Watch for Screenshots and Exported Documents#

Screenshots often carry a different kind of privacy risk. The file metadata may be harmless while the pixels reveal account names, browser tabs, customer records, staging URLs, admin paths, feature flags, or internal comments.

Do not treat metadata review as a substitute for visual redaction. For screenshots, inspect the image itself at full size before compression. Then check metadata as a second step.

The same applies to images exported from PDFs, slide decks, design tools, and spreadsheets. The sensitive information may be in the visible content, the file metadata, or both.

Keep the Workflow Local When Possible#

If the reason for metadata cleanup is privacy, avoid uploading the file to another service just to inspect or strip metadata. A local workflow keeps the review closer to the original asset controls. GetWebP can be part of that workflow when the goal is local conversion to WebP or AVIF while keeping source files untouched.
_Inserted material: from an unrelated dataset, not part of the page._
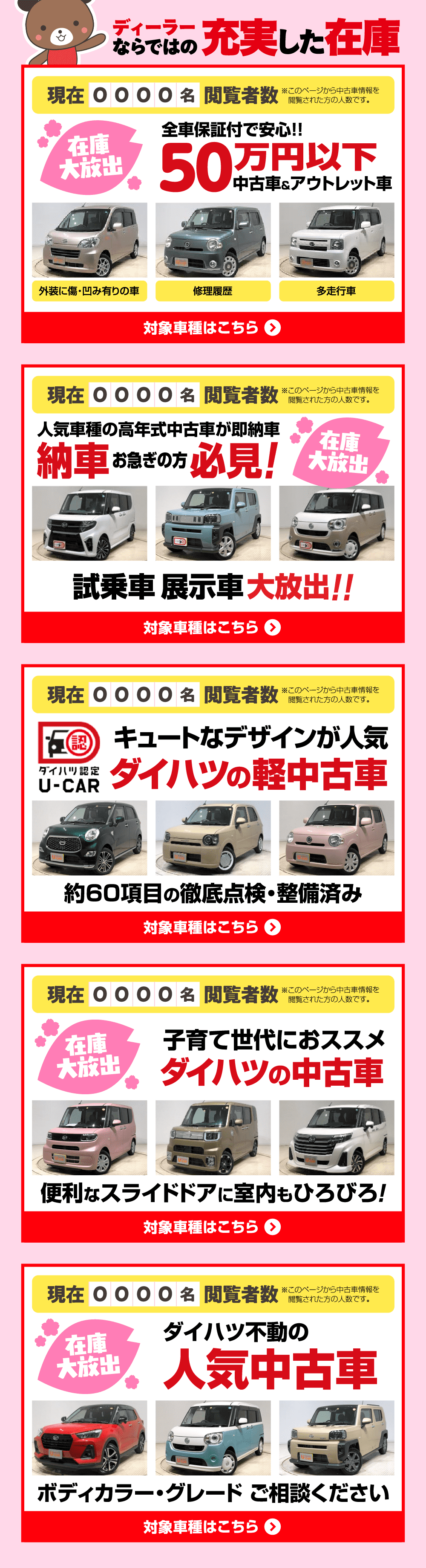 50万円以下の中古車&アウトレット車 大放出即納車! ダイハツ認定中古車 子育て世代におススメ 人気中古車 0 0 0 1 0 0 0 0 0 0 0 0 0 0 0 0 0 0 0 0

GetWebP's security documentation states that the CLI reads image files from disk, converts them in memory, and writes outputs locally; image bytes are not sent to GetWebP. Licensing and status checks may still contact GetWebP services, so "local" should mean local image processing, not a completely offline product claim. See the security overview before making privacy promises to clients.

If metadata stripping is a compliance requirement, use a dedicated metadata policy and verify it with metadata inspection tools. Image conversion is one step in the publishing workflow, not a substitute for a redaction process.

Metadata privacy is not about paranoia. It is about knowing what leaves the organization. Review the source, decide what the public output needs, strip unnecessary fields, and keep the original under control.